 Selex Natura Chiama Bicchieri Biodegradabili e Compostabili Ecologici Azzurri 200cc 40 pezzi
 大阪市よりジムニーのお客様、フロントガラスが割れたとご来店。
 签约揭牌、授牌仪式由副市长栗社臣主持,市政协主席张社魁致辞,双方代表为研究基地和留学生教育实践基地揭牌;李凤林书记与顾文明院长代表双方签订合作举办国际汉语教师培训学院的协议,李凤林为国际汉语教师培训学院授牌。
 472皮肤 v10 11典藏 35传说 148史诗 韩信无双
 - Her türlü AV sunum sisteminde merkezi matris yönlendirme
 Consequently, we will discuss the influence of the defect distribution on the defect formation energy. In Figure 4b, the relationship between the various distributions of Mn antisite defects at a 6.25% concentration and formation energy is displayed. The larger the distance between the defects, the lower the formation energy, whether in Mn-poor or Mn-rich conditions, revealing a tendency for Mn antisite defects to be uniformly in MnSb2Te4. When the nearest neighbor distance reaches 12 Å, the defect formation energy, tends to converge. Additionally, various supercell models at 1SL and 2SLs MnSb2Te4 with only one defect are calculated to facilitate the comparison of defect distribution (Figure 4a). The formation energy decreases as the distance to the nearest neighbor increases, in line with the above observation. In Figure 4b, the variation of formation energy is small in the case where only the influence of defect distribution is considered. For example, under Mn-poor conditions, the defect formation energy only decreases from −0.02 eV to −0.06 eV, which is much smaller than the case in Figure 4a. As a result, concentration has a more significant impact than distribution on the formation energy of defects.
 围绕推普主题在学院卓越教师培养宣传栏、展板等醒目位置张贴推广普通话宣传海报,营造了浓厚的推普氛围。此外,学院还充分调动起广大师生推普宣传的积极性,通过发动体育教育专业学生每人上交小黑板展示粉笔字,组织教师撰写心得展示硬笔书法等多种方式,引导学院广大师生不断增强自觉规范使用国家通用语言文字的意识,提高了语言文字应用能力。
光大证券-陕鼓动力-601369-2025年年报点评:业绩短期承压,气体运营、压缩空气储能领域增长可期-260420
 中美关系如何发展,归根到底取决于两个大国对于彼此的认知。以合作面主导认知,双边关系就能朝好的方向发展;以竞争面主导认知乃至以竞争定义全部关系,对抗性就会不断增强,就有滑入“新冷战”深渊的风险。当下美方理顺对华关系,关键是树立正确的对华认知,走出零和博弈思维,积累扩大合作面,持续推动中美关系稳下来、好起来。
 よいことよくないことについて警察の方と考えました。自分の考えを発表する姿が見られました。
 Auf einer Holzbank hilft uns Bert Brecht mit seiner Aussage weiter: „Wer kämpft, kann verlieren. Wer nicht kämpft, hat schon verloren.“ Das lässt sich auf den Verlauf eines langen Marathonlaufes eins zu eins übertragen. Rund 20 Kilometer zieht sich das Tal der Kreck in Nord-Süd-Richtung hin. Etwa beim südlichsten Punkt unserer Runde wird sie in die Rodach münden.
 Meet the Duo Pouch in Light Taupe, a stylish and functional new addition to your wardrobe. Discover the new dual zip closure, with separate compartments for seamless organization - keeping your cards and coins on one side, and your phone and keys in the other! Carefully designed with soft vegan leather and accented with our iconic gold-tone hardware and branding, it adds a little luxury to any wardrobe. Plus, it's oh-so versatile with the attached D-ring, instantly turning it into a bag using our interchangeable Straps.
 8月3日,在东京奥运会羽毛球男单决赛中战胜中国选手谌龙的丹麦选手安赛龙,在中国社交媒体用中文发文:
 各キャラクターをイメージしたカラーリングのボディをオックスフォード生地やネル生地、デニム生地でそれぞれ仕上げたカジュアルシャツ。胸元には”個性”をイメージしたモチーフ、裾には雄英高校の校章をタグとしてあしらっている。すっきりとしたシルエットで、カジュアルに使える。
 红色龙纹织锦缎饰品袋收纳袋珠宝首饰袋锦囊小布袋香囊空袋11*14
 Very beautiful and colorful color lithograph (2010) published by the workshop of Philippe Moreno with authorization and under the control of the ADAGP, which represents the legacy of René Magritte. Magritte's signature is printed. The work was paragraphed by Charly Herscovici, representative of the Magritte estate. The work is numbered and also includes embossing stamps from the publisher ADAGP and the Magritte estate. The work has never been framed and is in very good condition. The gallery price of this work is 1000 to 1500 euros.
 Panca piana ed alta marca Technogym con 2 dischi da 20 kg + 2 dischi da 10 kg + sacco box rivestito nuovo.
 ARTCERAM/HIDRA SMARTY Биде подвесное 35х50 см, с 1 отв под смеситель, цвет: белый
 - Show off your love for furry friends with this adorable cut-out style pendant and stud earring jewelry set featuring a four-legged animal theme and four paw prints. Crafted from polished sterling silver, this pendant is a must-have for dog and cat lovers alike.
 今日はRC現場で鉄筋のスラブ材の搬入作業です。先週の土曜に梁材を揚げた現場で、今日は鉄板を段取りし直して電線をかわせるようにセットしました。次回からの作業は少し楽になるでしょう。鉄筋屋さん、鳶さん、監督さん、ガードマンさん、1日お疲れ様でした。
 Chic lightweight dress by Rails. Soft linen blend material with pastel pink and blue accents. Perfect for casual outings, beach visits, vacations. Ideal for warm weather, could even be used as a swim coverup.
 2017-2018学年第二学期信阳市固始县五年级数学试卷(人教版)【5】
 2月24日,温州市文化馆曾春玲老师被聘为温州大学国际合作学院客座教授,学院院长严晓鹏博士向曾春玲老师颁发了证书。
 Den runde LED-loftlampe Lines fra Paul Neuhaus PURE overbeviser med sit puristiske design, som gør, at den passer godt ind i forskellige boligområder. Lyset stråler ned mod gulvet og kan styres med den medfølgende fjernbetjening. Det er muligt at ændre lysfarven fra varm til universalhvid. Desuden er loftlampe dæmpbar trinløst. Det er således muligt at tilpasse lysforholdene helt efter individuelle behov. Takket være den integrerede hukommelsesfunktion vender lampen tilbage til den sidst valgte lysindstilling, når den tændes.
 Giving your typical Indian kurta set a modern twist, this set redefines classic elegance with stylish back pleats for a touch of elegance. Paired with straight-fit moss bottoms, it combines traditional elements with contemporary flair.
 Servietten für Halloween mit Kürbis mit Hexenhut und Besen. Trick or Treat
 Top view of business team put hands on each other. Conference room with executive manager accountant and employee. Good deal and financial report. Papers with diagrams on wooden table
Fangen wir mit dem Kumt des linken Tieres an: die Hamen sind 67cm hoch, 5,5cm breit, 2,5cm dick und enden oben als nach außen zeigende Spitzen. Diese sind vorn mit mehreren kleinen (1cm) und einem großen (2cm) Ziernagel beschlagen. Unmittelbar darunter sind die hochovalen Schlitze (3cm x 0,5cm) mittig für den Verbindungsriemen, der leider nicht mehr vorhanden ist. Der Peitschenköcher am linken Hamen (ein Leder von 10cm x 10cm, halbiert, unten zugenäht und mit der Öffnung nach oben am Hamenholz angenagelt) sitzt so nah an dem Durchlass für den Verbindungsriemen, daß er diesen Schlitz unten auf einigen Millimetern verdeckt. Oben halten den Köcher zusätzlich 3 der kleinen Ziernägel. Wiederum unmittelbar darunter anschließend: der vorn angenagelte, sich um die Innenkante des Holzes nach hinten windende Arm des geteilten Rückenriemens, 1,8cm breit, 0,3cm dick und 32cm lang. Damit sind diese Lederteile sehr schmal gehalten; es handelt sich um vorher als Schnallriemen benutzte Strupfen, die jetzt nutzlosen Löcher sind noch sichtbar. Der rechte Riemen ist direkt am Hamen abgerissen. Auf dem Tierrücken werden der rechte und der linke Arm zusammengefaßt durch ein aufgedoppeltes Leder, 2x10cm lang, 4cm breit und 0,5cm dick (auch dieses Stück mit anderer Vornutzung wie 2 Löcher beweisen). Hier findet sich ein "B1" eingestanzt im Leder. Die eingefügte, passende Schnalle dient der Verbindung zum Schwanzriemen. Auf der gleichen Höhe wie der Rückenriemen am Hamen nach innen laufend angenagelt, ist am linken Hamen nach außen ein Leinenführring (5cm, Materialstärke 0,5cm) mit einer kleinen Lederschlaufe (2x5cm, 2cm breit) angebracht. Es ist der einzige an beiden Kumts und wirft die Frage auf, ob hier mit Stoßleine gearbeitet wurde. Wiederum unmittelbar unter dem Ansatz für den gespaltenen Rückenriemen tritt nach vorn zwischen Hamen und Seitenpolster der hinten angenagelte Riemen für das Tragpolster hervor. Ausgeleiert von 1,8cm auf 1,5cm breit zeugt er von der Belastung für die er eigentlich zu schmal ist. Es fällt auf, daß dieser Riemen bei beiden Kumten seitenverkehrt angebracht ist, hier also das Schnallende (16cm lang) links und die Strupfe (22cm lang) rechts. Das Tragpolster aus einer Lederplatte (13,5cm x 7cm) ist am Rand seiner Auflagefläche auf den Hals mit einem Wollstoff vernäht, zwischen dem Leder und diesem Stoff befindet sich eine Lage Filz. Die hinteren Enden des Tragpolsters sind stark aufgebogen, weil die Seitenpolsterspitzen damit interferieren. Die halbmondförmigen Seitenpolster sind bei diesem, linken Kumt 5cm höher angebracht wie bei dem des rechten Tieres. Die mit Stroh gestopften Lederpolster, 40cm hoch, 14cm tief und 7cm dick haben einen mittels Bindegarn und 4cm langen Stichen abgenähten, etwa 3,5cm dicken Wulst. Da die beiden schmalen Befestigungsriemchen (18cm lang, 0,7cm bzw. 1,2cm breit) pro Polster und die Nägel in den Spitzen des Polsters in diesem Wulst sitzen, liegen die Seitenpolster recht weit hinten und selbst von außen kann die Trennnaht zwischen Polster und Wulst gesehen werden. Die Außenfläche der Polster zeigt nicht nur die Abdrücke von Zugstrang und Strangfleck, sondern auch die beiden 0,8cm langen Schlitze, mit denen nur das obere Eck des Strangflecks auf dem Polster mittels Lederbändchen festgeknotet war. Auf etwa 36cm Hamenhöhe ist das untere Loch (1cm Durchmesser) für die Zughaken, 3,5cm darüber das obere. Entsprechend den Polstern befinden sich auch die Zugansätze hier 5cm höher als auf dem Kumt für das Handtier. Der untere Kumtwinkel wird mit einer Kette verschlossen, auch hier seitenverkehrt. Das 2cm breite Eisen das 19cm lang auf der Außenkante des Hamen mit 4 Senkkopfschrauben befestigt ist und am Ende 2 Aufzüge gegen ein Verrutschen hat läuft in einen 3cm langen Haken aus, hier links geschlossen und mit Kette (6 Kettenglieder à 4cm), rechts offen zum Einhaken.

====================

## [Try it]
Please copy, exactly as written, every line in the listing above from the line with "各キャラクターをイメージした" up to and including the line with "红色龙纹织锦缎饰品袋收纳袋珠宝首饰袋锦囊小布袋香囊空袋11*14".

## [Answer for this exercise]
 各キャラクターをイメージしたカラーリングのボディをオックスフォード生地やネル生地、デニム生地でそれぞれ仕上げたカジュアルシャツ。胸元には”個性”をイメージしたモチーフ、裾には雄英高校の校章をタグとしてあしらっている。すっきりとしたシルエットで、カジュアルに使える。
 红色龙纹织锦缎饰品袋收纳袋珠宝首饰袋锦囊小布袋香囊空袋11*14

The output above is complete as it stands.